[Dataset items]

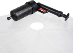 - piston/pistolet à pression, 4 embouts (WC, lavabo, évier, drain), film de protection avec ouverture pour WC
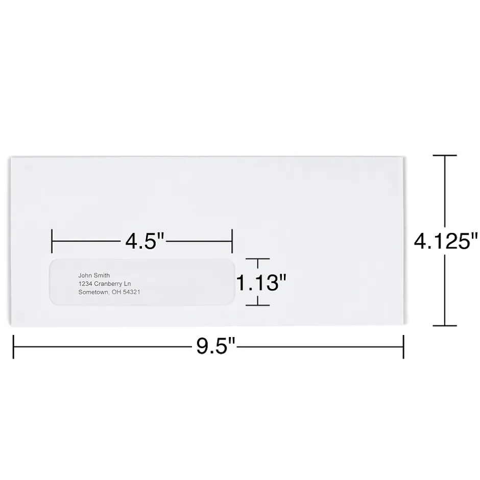 - These envelopes measure 4 1/8″ x 9 1/2″ in size, providing enough space for your mail
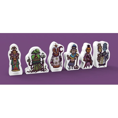 Figurky ke hře Osmero. Osmero je karetní hra s cestovatelským tématem, ve které hráči vybírají karty, které následně zahrávají před sebe. Karty obsahují různé postavy a lokace...
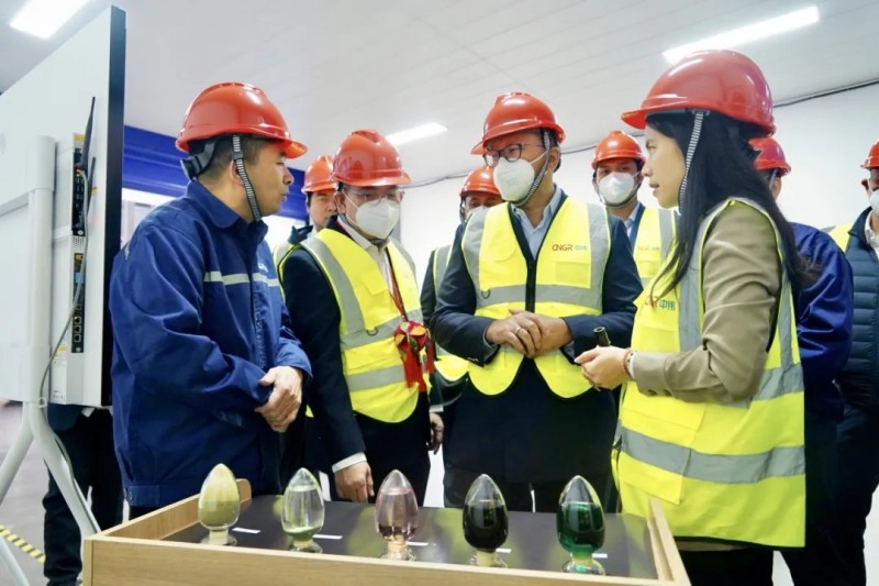 工作人员向部长一行展示了高倍率的金宝慱亚洲体育产品电镜图,Rosan Perkasa Roeslani部长在近距离观看由印尼镍资源生产的高性能新能源材料后,对金宝慱亚洲体育快速开发与量产的技术服务能力及产业化应用能力表示赞叹。
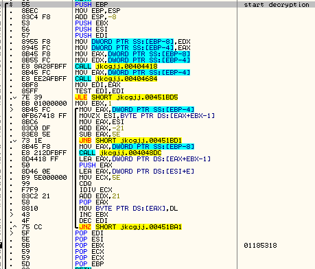 定位文件后,会开始解密过程。最终解密的文件是在解压之后的阶段加载。根据输入和输出,研究人员判断它没有使用AES这样的块来解密文件的内容,而是使用了自己的解密方法。
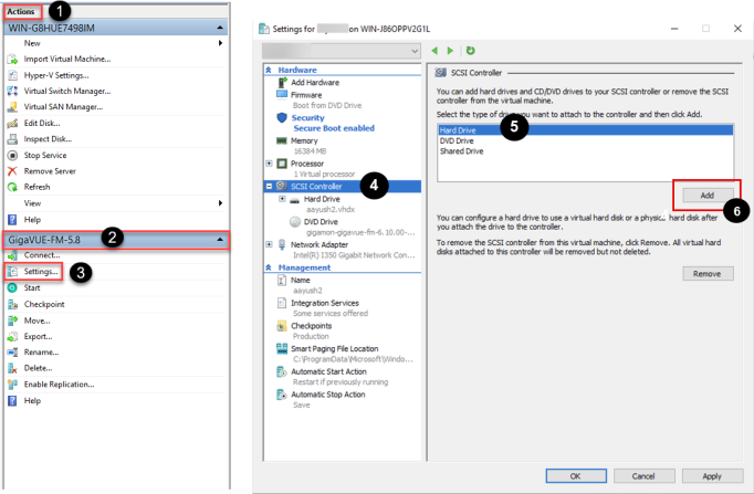 - In Hyper-V Manager, from the Actions pane, select the newly added GigaVUE‑FM virtual machine, and then click Settings.
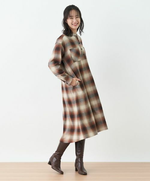 オブスキュアなオンブレチェックが浮かぶ、バンドカラーのシャツワンピース。前立てはハーフプラケット仕様とし、すとんと落ちるようなリラックスシルエットでデザインしています。両胸にレイアウトしたスクエアポケットが存在感を放ち、絶妙なアクセントに。上と左右にはスリットポケットを配しています。足元にはブーツやブーティを合わせると、より秋らしい雰囲気に仕上がります。
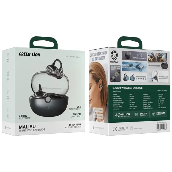 The Green Lion Malibu Wireless Earbuds provide users with deep sound quality while offering a comfortable ear fit. The earbuds deliver 4 hours of playback, which allows users to hear sound through their 11mm drivers and Bluetooth V6.0 technology that transmits audio wirelessly. The open-ear clip-on design provides users with complete day comfort because it delivers a secure fit that stops ear fatigue. The touch control feature enables users to control music playback volume adjustments and call answering through simple tapping. The earbuds achieve fast charging through USB-C charging, while their 180 hours of standby time enable users to maintain constant readiness. The IPX4 waterproof rating allows users to wear the headphones during any activity, including traveling and exercising. The Green Lion Malibu Wireless Earbuds establish themselves as an essential accessory for people who need to stay productive throughout their day because they support voice assistants and provide straightforward control options.
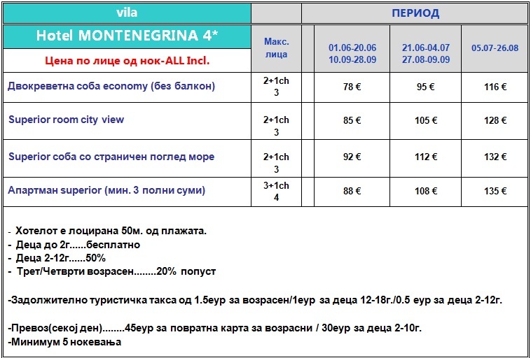 hotel Montenegrina 4*, Rafajlovici
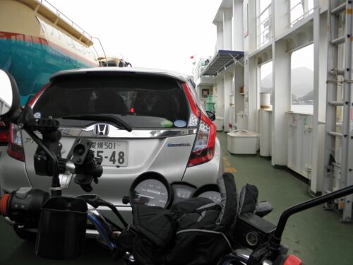近くまで来たついでに洲江港の様子を見ておこうと思いフェリー桟橋に行ってみる。岩城島に渡るつもりはなかったのだが、乗船方法に戸惑っている客と勘違いされたらしい。 出航直前の車両甲板にいた係員の一人がおいでおいでと手を振っている。5秒ほど躊躇し…
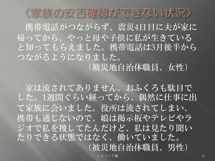 Edit Item 保健師による東日本大震災復興支援プロジェクト エピソード集|<家族の安否確認が出来ない状況 8>
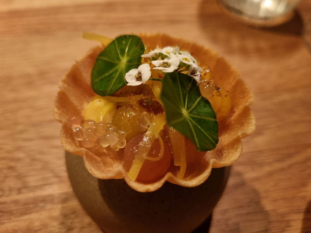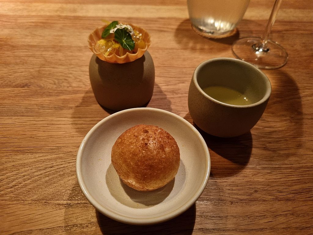 Bevor über die Anzahl der Gänge entschieden wurde, gab es bereits die ersten Grüße aus der Küche: Ein sehr vollmundiger und fast schon herzhafter Sud aus gelber Beete, ein Tartelette mit gelber Beete, Apfel Vadouvan und Saiblingsrogen. Und ein „Berliner, Krapfen, Krebbel, Sonstwas“ mit einer herzhaften Füllung.
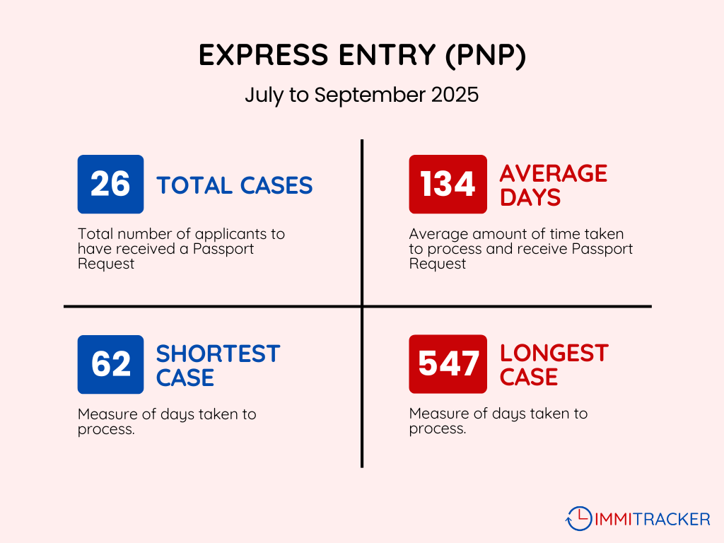 During the third quarter, we observed a total of 26 cases that received their PPR through the Provincial Nominee Program (PNP). Processing times showed an average of 134 days or 4.5 months to receive approval. This statistic is a significant decrease from last quarter's average of 218 days.
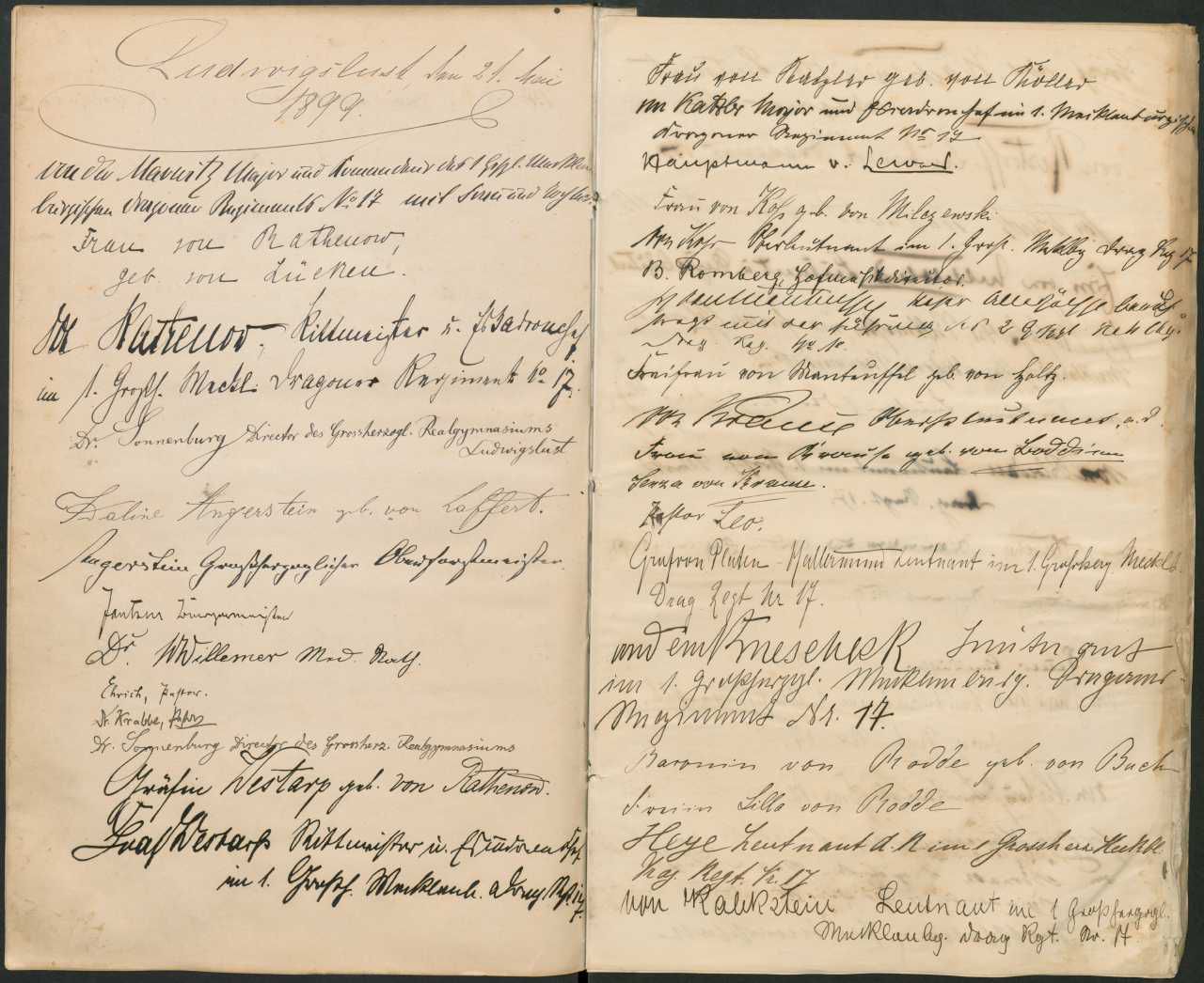 Protokol over audiens/besøg. Formentlig fra Mikhailovitj-storfyrstefamilien. 1893-1899.
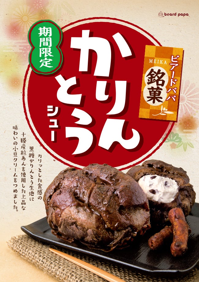 “かりんとうシュー”は黒糖蜜で二度焼きしカリッとした食感のかりんとう生地に十勝産小豆入りのふんわりとしたクリームを合わせ和風の味わいに仕上げました。コク深い黒糖と甘さ控えめのクリームとのバランスが絶妙です。
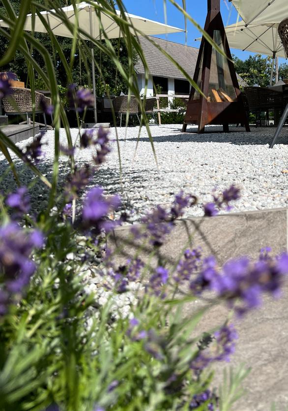 Unser Restaurant verfügt über eine einzigartige Terrasse, umgeben von Schilf und mediterranen Kräutern und Sträuchern, die südliches Flair in Kärnten verbreitet. Ein knisterndes Feuer im Gartenkamin auf der Terrasse schafft eine besonders einladende Atmosphäre, ideal für entspannte Stunden oder festliche Anlässe im Freien.
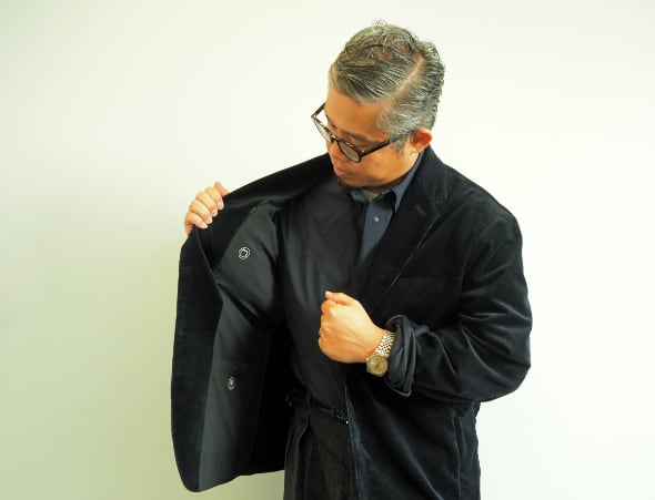 「バルカラー・コートは防風性の高さがポイントなんです。なので、ステッチを入れたり、襟ボタンを2つ付けて、首のサイズに合わせられるようにしています。襟回りは凝って作ってます」と生本さん。伝わりにくい細部も結構こだわってやってますと笑う。
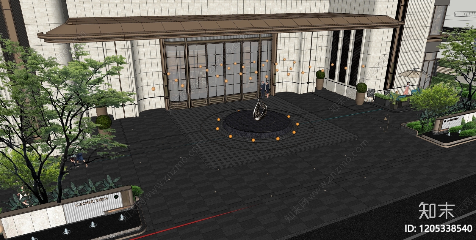 现代轻奢入口大门 轻奢住宅入口门楼 海派 示范区门头 前场 水景雕塑
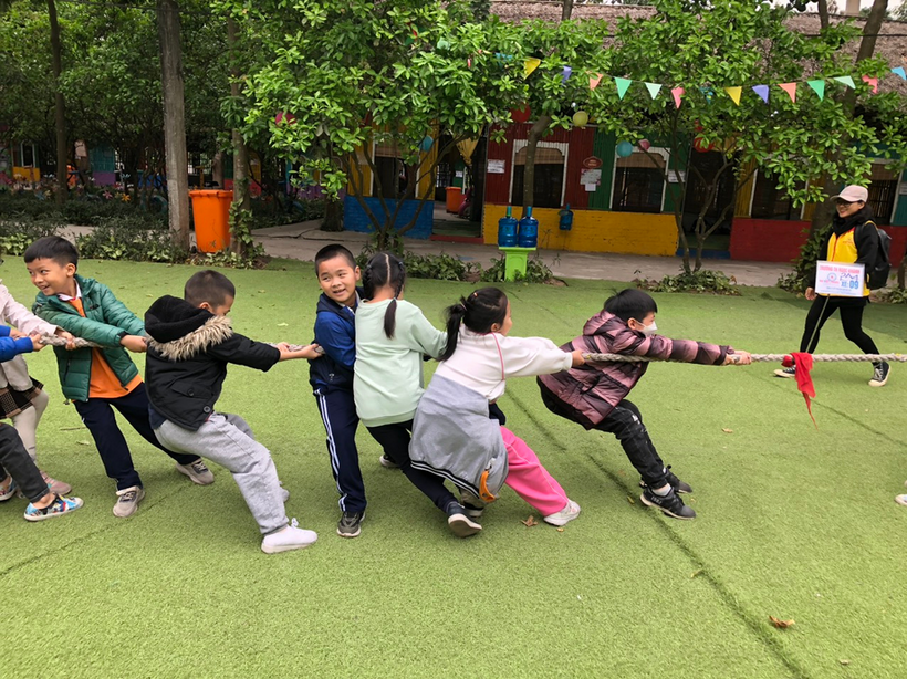 Bạn nhỏ nào cũng vô cùng háo hức và tham gia nhiệt tình vào các hoạt động, thậm chí còn quyến luyến chẳng muốn rời xa. Các nhóm còn được rèn luyện về sự đoàn kết, tinh thần làm việc nhóm, biết phân công công việc qua các hoạt động như kéo co, nhảy bao bố, đi cà kheo…

[Task directions] When you transcribe the entries above, begin at their first line, end with the line containing "オブスキュアなオンブレチェッ", and copy each line exactly without any picture.

[Reply]
 - piston/pistolet à pression, 4 embouts (WC, lavabo, évier, drain), film de protection avec ouverture pour WC
 - These envelopes measure 4 1/8″ x 9 1/2″ in size, providing enough space for your mail
 Figurky ke hře Osmero. Osmero je karetní hra s cestovatelským tématem, ve které hráči vybírají karty, které následně zahrávají před sebe. Karty obsahují různé postavy a lokace...
 工作人员向部长一行展示了高倍率的金宝慱亚洲体育产品电镜图,Rosan Perkasa Roeslani部长在近距离观看由印尼镍资源生产的高性能新能源材料后,对金宝慱亚洲体育快速开发与量产的技术服务能力及产业化应用能力表示赞叹。
 定位文件后,会开始解密过程。最终解密的文件是在解压之后的阶段加载。根据输入和输出,研究人员判断它没有使用AES这样的块来解密文件的内容,而是使用了自己的解密方法。
 - In Hyper-V Manager, from the Actions pane, select the newly added GigaVUE‑FM virtual machine, and then click Settings.
 オブスキュアなオンブレチェックが浮かぶ、バンドカラーのシャツワンピース。前立てはハーフプラケット仕様とし、すとんと落ちるようなリラックスシルエットでデザインしています。両胸にレイアウトしたスクエアポケットが存在感を放ち、絶妙なアクセントに。上と左右にはスリットポケットを配しています。足元にはブーツやブーティを合わせると、より秋らしい雰囲気に仕上がります。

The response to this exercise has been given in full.